(Exercise inputs):
--- START ---
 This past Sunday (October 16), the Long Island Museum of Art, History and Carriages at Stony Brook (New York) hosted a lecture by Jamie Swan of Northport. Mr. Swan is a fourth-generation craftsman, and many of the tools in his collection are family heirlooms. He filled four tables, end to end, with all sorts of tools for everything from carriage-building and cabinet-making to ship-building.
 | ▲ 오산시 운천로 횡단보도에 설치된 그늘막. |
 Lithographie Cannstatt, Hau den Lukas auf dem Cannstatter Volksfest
--- END ---
--- START ---
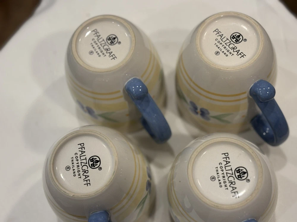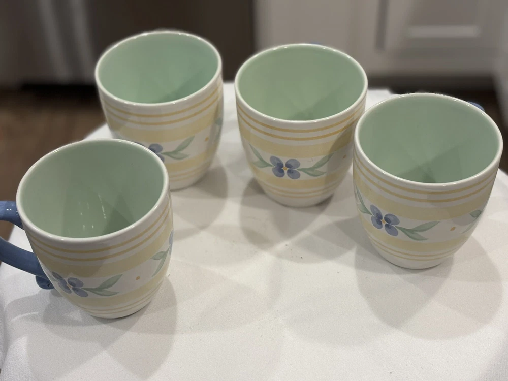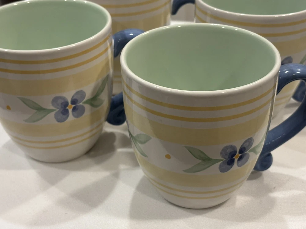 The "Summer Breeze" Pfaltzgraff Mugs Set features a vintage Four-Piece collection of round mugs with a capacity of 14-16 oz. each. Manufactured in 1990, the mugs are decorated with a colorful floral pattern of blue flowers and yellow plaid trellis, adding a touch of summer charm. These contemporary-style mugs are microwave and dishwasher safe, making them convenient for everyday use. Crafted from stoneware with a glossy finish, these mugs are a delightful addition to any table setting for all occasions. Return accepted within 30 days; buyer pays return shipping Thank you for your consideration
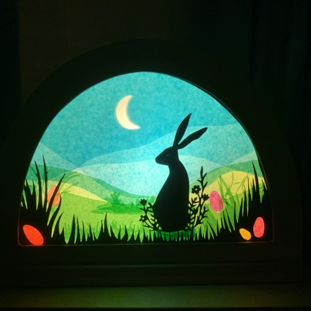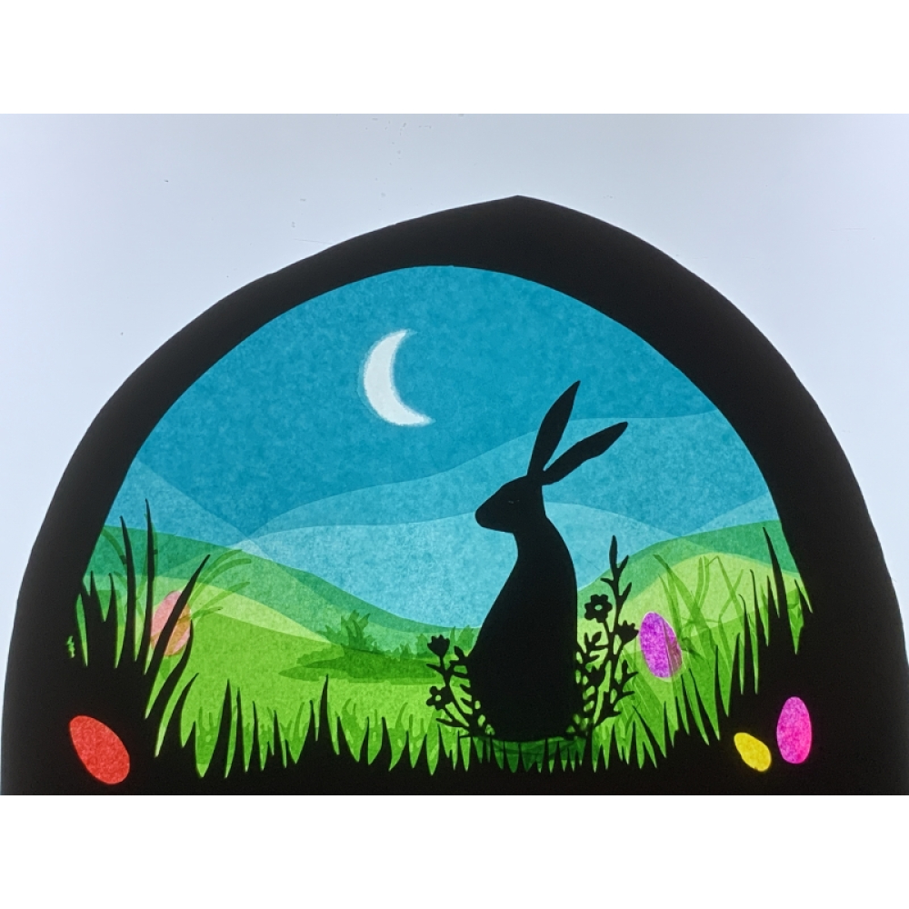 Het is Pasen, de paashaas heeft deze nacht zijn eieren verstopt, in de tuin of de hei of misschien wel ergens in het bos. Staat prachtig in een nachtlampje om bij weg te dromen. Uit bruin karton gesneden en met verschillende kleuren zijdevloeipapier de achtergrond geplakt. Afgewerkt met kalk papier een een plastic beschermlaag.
--- END ---
(Exercise requirements):
Please print the lines above word for word, starting at the one with "for your consideration" and ending at the one with "Het is Pasen, de", both included, and without any picture.

(Answer space):
 The "Summer Breeze" Pfaltzgraff Mugs Set features a vintage Four-Piece collection of round mugs with a capacity of 14-16 oz. each. Manufactured in 1990, the mugs are decorated with a colorful floral pattern of blue flowers and yellow plaid trellis, adding a touch of summer charm. These contemporary-style mugs are microwave and dishwasher safe, making them convenient for everyday use. Crafted from stoneware with a glossy finish, these mugs are a delightful addition to any table setting for all occasions. Return accepted within 30 days; buyer pays return shipping Thank you for your consideration
 Het is Pasen, de paashaas heeft deze nacht zijn eieren verstopt, in de tuin of de hei of misschien wel ergens in het bos. Staat prachtig in een nachtlampje om bij weg te dromen. Uit bruin karton gesneden en met verschillende kleuren zijdevloeipapier de achtergrond geplakt. Afgewerkt met kalk papier een een plastic beschermlaag.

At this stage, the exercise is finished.